Low cost mobile phone messages may have the potential to positively influence maternal and child healthcare behaviours, such as delayed timing of first bath, in resource-poor settings. Further studies are needed, with adequate sample size to detect significant change.
手机正逐渐成为全球医疗服务中不可或缺的一部分。我们评估了基于Aponjon手机短信服务与孟加拉国选定地区的分娩以及母婴护理实践之间的关联。
2014年初,Dnet从孟加拉国选定地区招募了476名最后一个孩子年龄在3至18个月之间的订阅用户母亲。一组母亲在孕期收到了来自Aponjon的预警信息(暴露组;n = 210),而另一组新妈妈在孕期未收到这些信息,因为她们是在分娩后才注册该服务的(非暴露组;n = 266)。我们进行了回归分析,以调查接触Aponjon信息的时间与社会经济因素以及安全分娩、产后立即母乳喂养、新生儿延迟沐浴和产后护理(PNC)就诊次数之间的关系。
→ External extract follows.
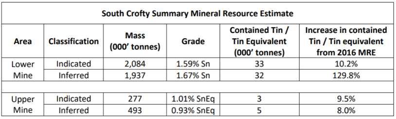 An updated MRE for South Crofty mine was released on June 9, 2021 which showed a 10.2% increase in Indicated Mineral Resource to 2.08 million tonnes, grading 1.59% tin, and a 129.8% increase in Inferred Mineral Resource to 1.94 million tonnes, grading 1.67% tin. These figures are for the Lower Mine and are prepared in accordance with the JORC Code (2012).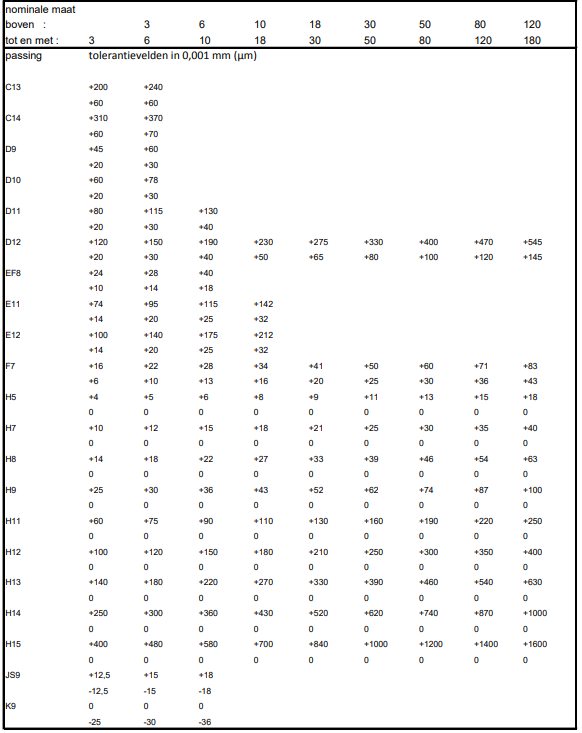 Hieronder vind u een passing tabel voor inwendige maten. U moet rekening houden dat het passingtabel is gebaseerd is voor uitwendige maten volgens ISO 286 deel 2.

女性报告在家中分娩且无熟练接生员(SBA)(n = 58,12%)、在家中有SBA接生(n = 111,23%)以及在医疗机构分娩(n = 307,65%)。大多数(n = 443,93%)女性在产后立即母乳喂养。婴儿在出生后72小时后沐浴(n = 294,62%)、在48至72小时之间沐浴(n = 100,21%)以及在0至47小时之间沐浴(n = 80,17%)。PNC就诊频率报告为无(n = 273,57%)、1次(n = 79,17%)、2次(n = 54,11%)、3次(n = 34,7%)和4次(n = 36,8%)。孕期接触Aponjon信息与出生时是否有SBA、母乳喂养实践以及产后护理就诊之间无显著关联,尽管延迟沐浴至48小时在10%水平有显著差异,但在5%水平无显著差异(相对风险比1.7;95%置信区间0.93 - 3.0;p = 0.083)。受过高等教育、收入较高、年龄较大、生育顺序为1或2的女性更有可能在医疗机构分娩。基于医疗机构的分娩是延迟沐浴和进行产后护理就诊的独立因素。
低成本的手机短信在资源匮乏地区可能有潜力对母婴保健行为产生积极影响,例如延迟首次沐浴时间。需要进一步开展研究,要有足够的样本量以检测出显著变化。